Collected data entries:
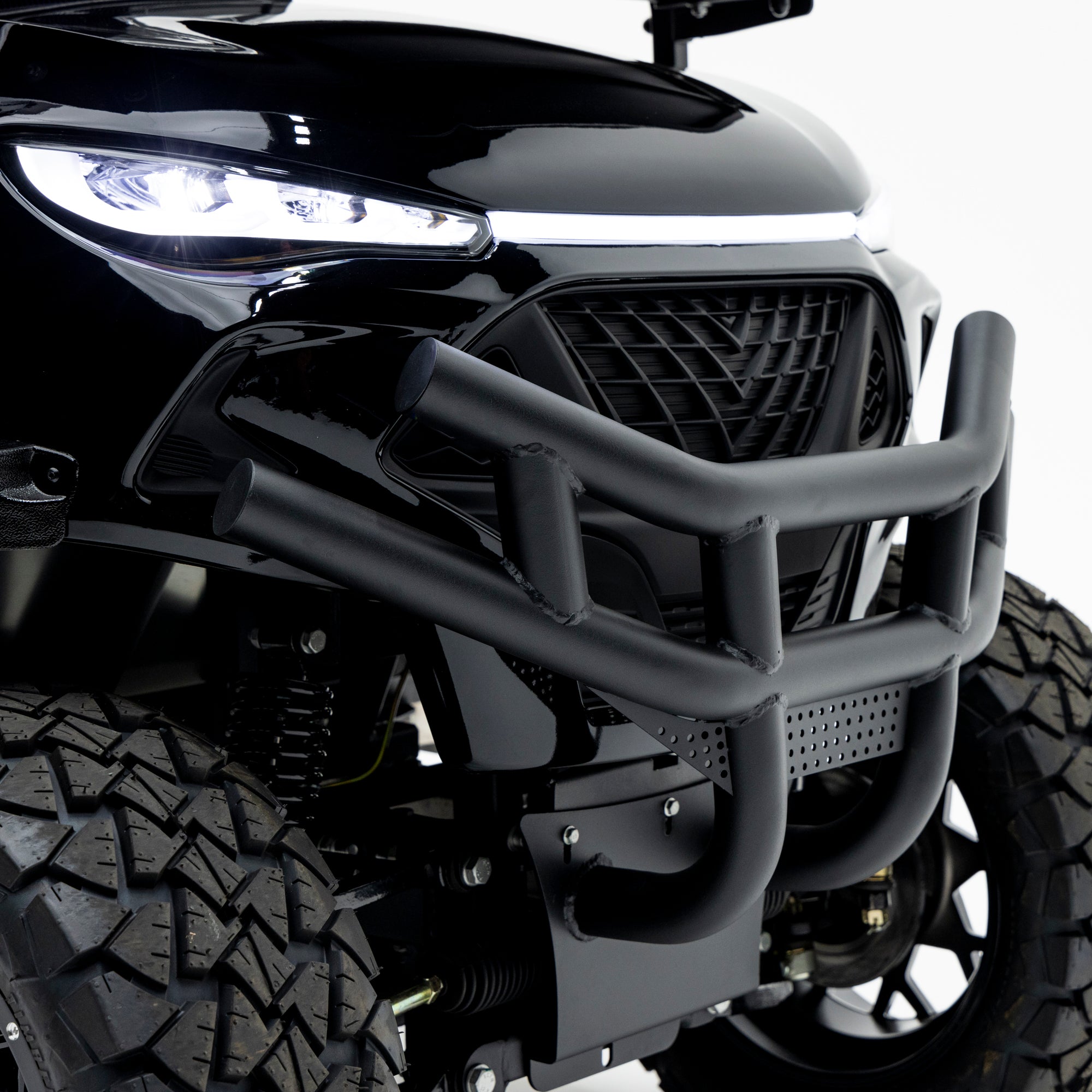 Our golf cart chassis feature a lightweight aluminum frame and dual A-arm independent suspension with a coil-over 6" lift, ensuring superior handling and stability. Equipped with 4-wheel disc brakes, black 14" aluminum wheels, and 23" all-terrain tires, this cart is built for exceptional performance on any terrain.
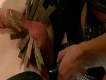 Domme Inflicts Crown Of Thorns On Impisoned Cock Of Naked Male
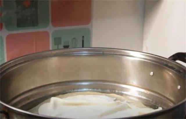 5.蒸屜中抹少許油,把餅皮放進去,鍋內上汽后開始蒸,這個水餅我們要一張一張的蒸,蒸第一張的時候,順便搟第二張的餅皮,然后再放入蒸屜,這樣才不會粘連,按照這個方法依次制作。
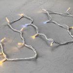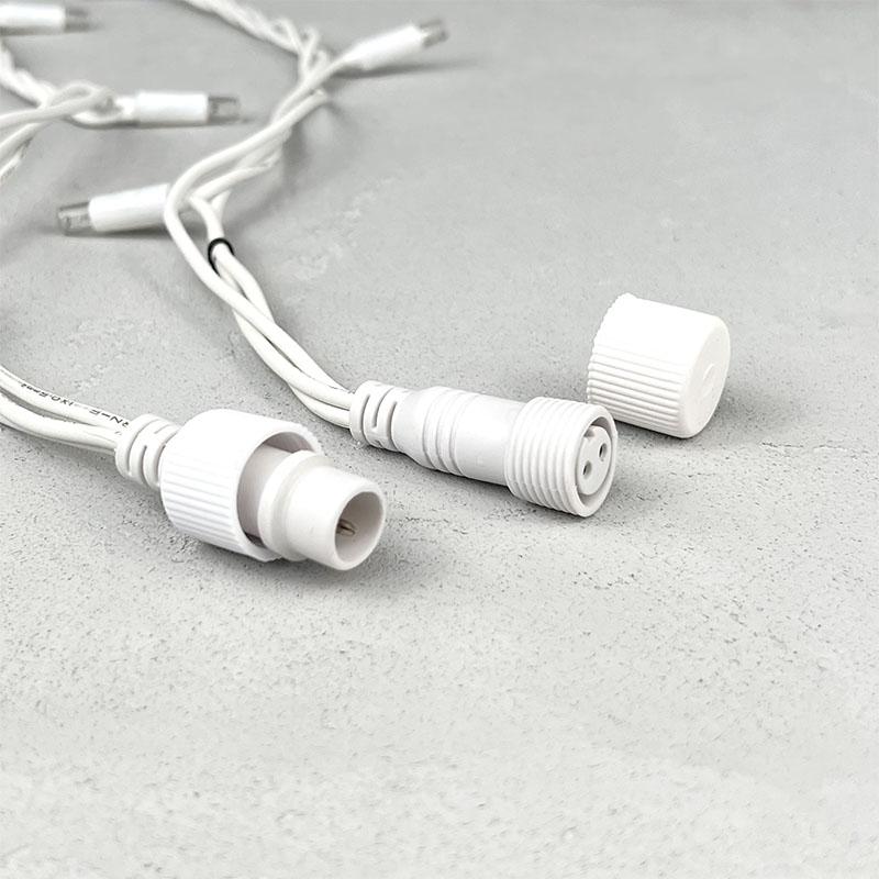 IP65 гарантирует стабильную работу под открытым небом. Белый цвет провода делает гирлянду практически незаметной на светлом фасаде.
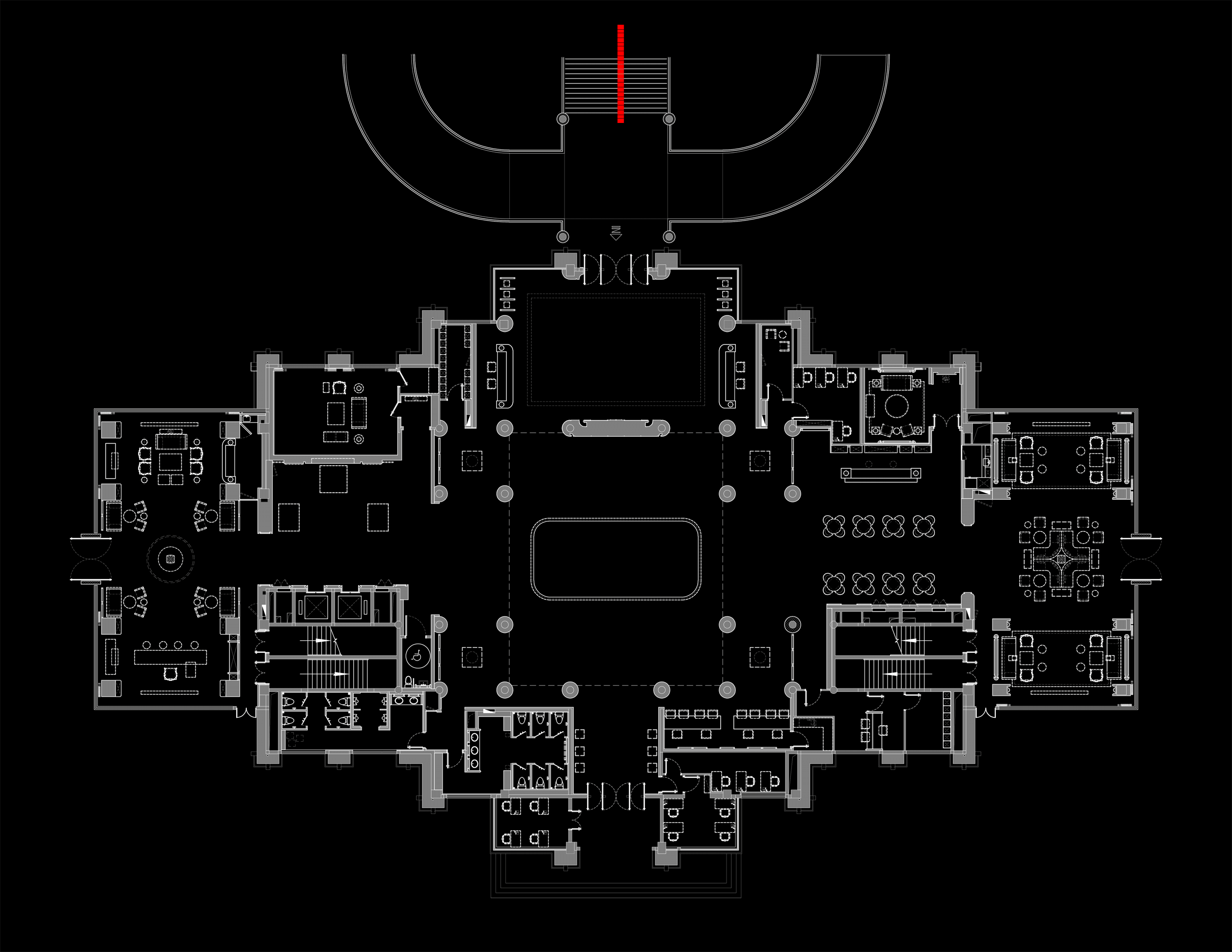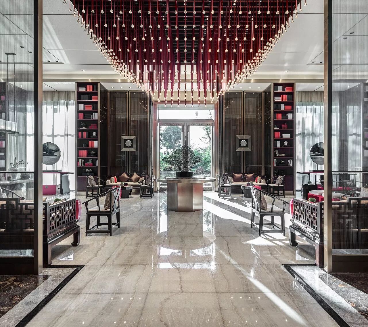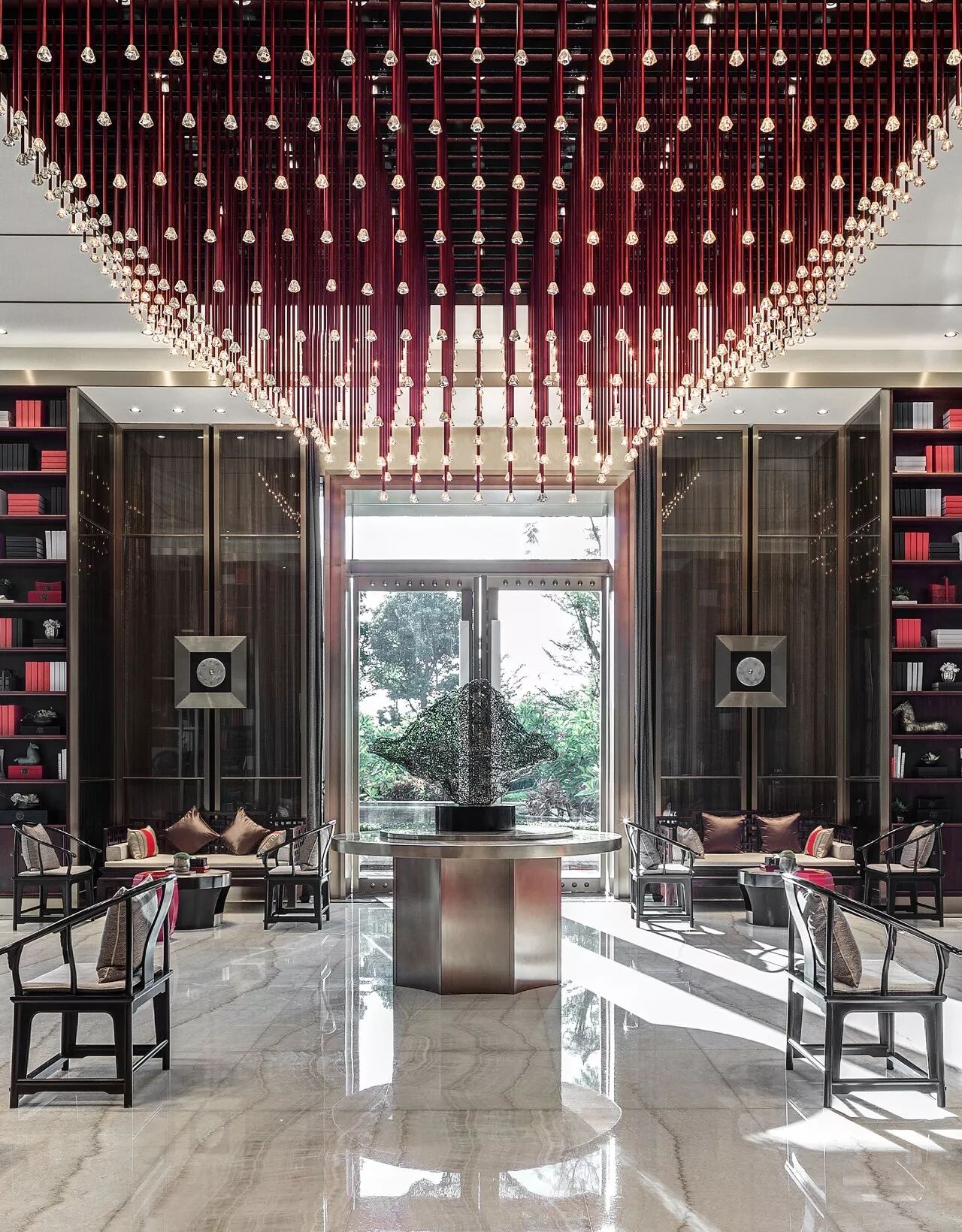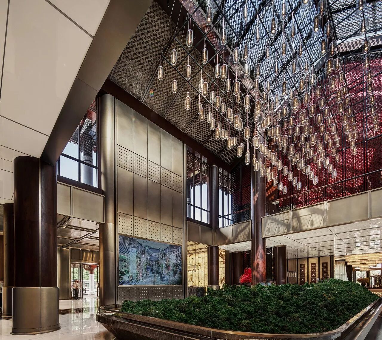 左右对称、方圆并举,简约别致的玻璃大门有框景作用,在现代建制中低调而巧妙地纳入古时的审美。推门而入,迎面而来的却是另一扇气势更为磅礴的门墙,沉厚的黑铜、丰饶的金,高贵古雅的气息扑面而来。门是中国建筑艺术最为集中的体现,也是古代礼制、形制的代表物。古建新制,具象到抽象,不变的是其象征的意义。
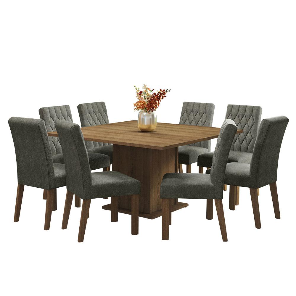 Conjunto Sala de Jantar Mesa Tampo de Madeira 8 Cadeiras Rustic/Silver Leila Madesa
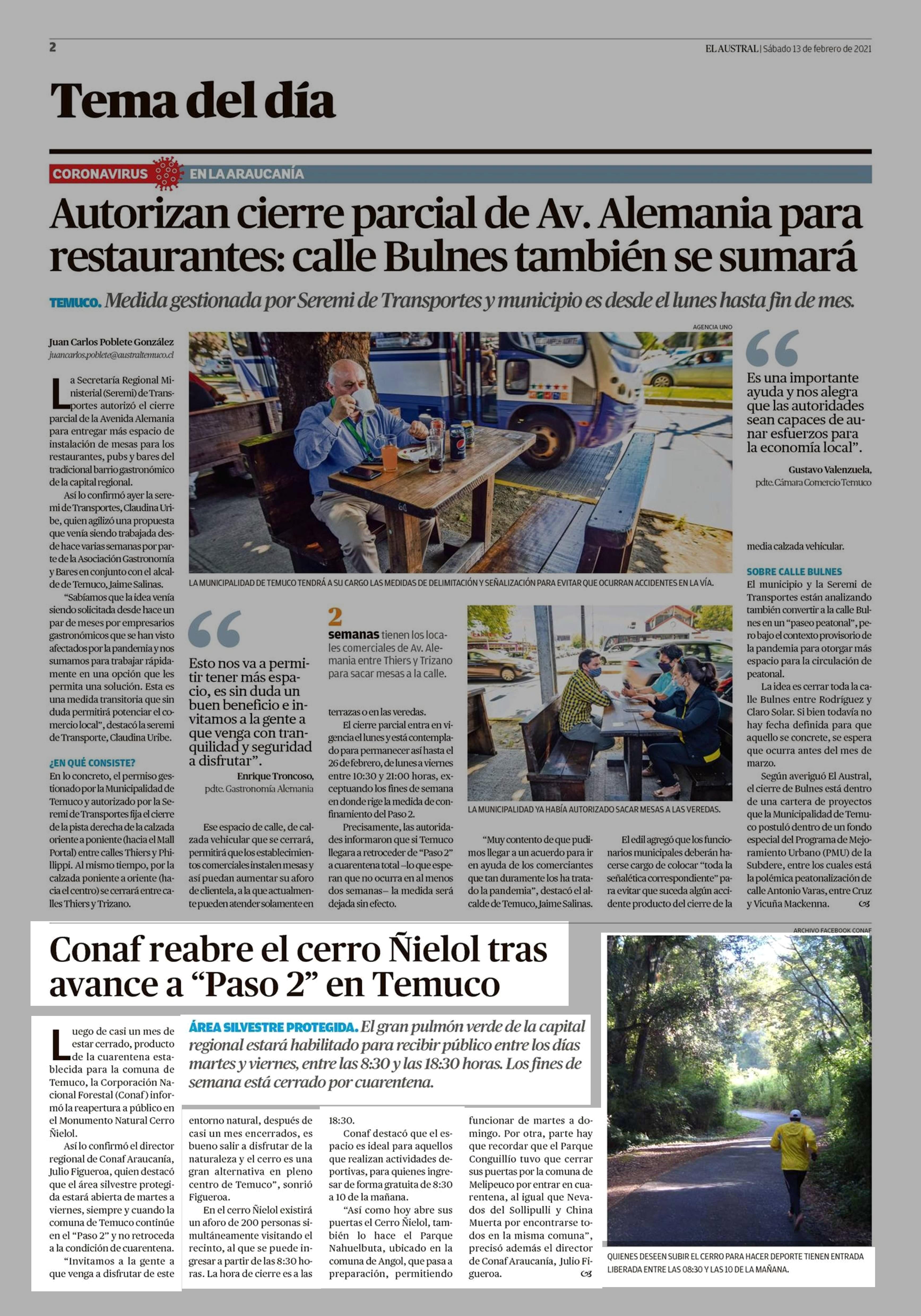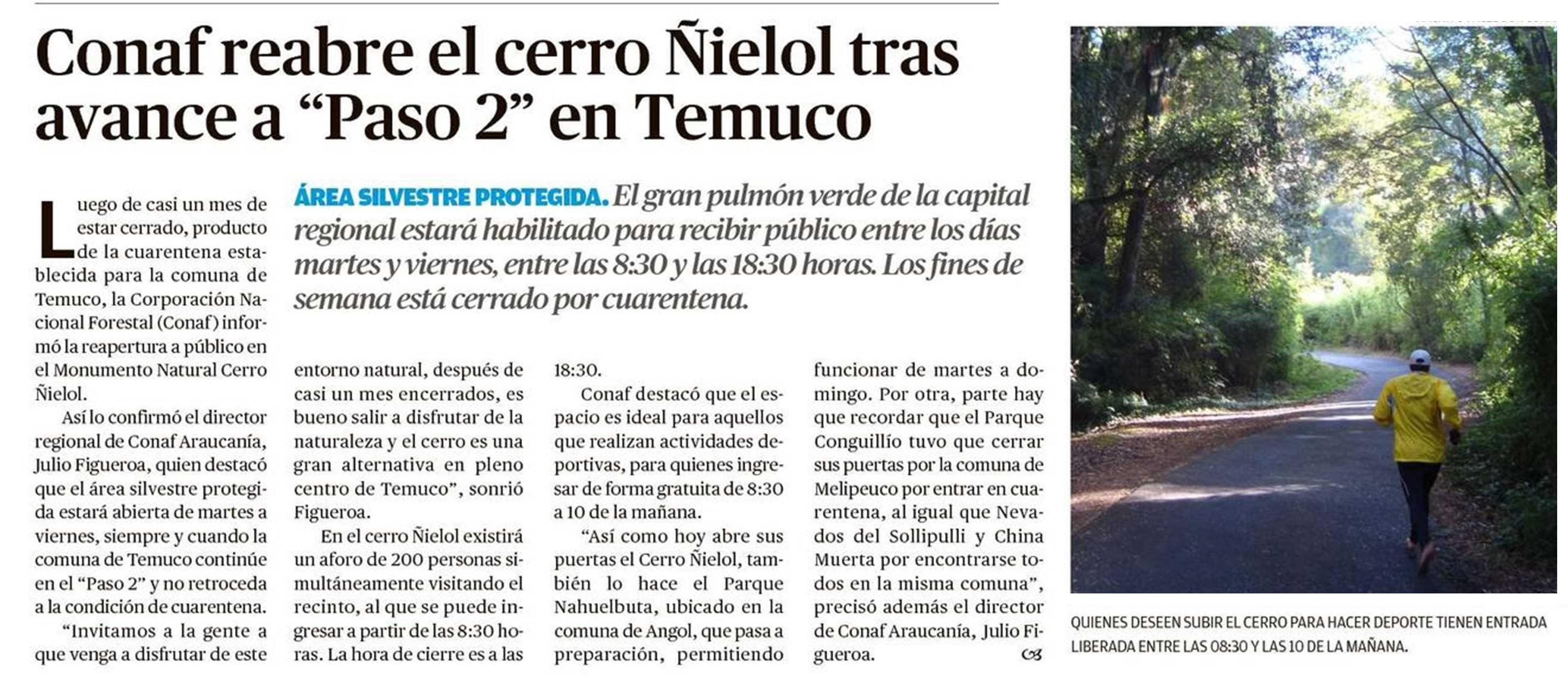 Conaf reabre el cerro Ñielol tras avance a “Paso 2” en Temuco 13-02-2021 El Austral de la Araucanía |

WORK INSTRUCTIONS =
Copy nothing but the lines from the start of the entries through the line with "左右对称、方圆并举,简约别致". Write them out exactly, without pictures.

YOUR RESPONSE =
 Our golf cart chassis feature a lightweight aluminum frame and dual A-arm independent suspension with a coil-over 6" lift, ensuring superior handling and stability. Equipped with 4-wheel disc brakes, black 14" aluminum wheels, and 23" all-terrain tires, this cart is built for exceptional performance on any terrain.
 Domme Inflicts Crown Of Thorns On Impisoned Cock Of Naked Male
 5.蒸屜中抹少許油,把餅皮放進去,鍋內上汽后開始蒸,這個水餅我們要一張一張的蒸,蒸第一張的時候,順便搟第二張的餅皮,然后再放入蒸屜,這樣才不會粘連,按照這個方法依次制作。
 IP65 гарантирует стабильную работу под открытым небом. Белый цвет провода делает гирлянду практически незаметной на светлом фасаде.
 左右对称、方圆并举,简约别致的玻璃大门有框景作用,在现代建制中低调而巧妙地纳入古时的审美。推门而入,迎面而来的却是另一扇气势更为磅礴的门墙,沉厚的黑铜、丰饶的金,高贵古雅的气息扑面而来。门是中国建筑艺术最为集中的体现,也是古代礼制、形制的代表物。古建新制,具象到抽象,不变的是其象征的意义。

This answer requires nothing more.